Arian, jij doet het dus ook niet, die hasj, zegt de Nederlander
tegen de Albaniër.
Neen, ik doe niet mee, zegt de Albaniër. Ik doe niet
mee. Ik ben niet geïnteresseerd, Hans, zegt hij.
Wodka, wodka, wodka, zingt de vrouw weer.
Kom, zegt de Albaniër. Kom, we zijn weg.
Het viertal loopt door de stad. De vrouw en de jonge Albaniër
lopen voorop. De vrouw heeft haar arm rond de Albaniër
zijn middel geslagen. Ze zingt. I am your queen for tonight.
But will I have a king tomorrow, zingt ze. De Albaniër
staart voor zich uit.
Ik kan de prijs doen zakken, zegt de Nederlander tegen de
Rus. Als je geïnteresseerd bent, kan ik de prijs doen
zakken. Je krijgt die hasj voor zeventig frank. Zeventig
frank de gram. Lager kan ik niet gaan. Je verkoopt hem voor
tweehonderd vijftig frank. Tel uit je winst. Én je
rookt voor niets. Tel uit je winst.
Dat is niets voor mij, zegt de Rus.
Tel uit je winst, zegt de Nederlander.
De zonsopgang, zegt de Rus. Ik wil de zonsopgang zien. Mooier
dan de zonsopgang in mijn geboortedorp kan die niet zijn.

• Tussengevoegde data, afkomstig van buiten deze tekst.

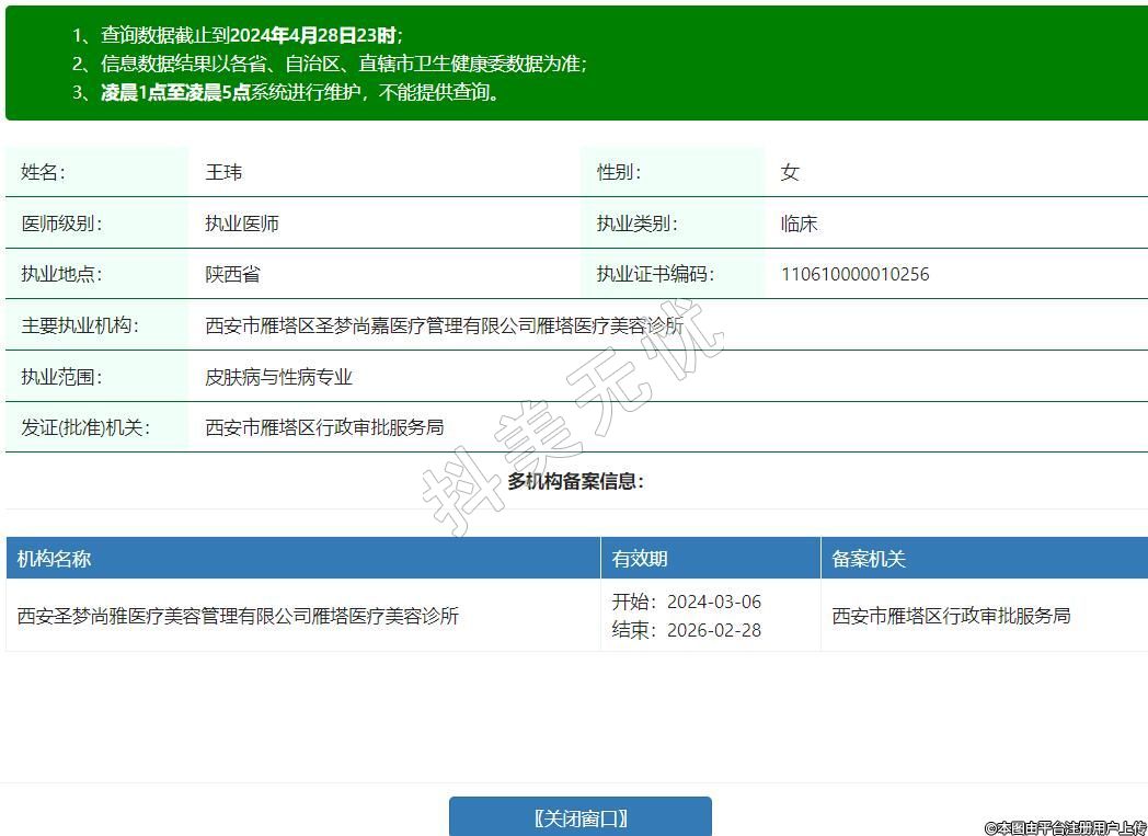 主要执业机构:西安市雁塔区圣梦尚嘉医疗管理有限公司雁塔医疗美容诊所

Daar stond ik in de zomer soms voor op. Daar heb ik meer
dan eens de mooiste zonsopgang van mijn leven gezien. In
mijn geboortedorp. In mijn geboortedorp.
I am your queen for tonight. But will I have a king tomorrow,
zingt de vrouw.
Daar is de kroeg, zegt de Rus. Daar is de wodka.
Wodka, wodka, wodka, zingt de vrouw. Ze stopt met zingen.
Ik denk dat ik moet braken, zegt ze. Ik voel me niet goed,
zegt ze. Ik ga vallen. Arian, neem me vast.
Niet op mij, zegt de Albaniër. Zie dat ze niet op mij
braakt, zegt hij en hij duwt de vrouw van zich af.
Haha, zegt de vrouw, daar had ik je bijna. Ze slaat haar
arm weer rond zijn middel en begint te zingen. I am your
queen for tonight. But will I have a king tomorrow, zingt
ze.
Vijfenzestig, zegt de Nederlander tegen de Rus. Ik verlaag
de prijs tot vijfenzestig. Lager kan ik echt niet.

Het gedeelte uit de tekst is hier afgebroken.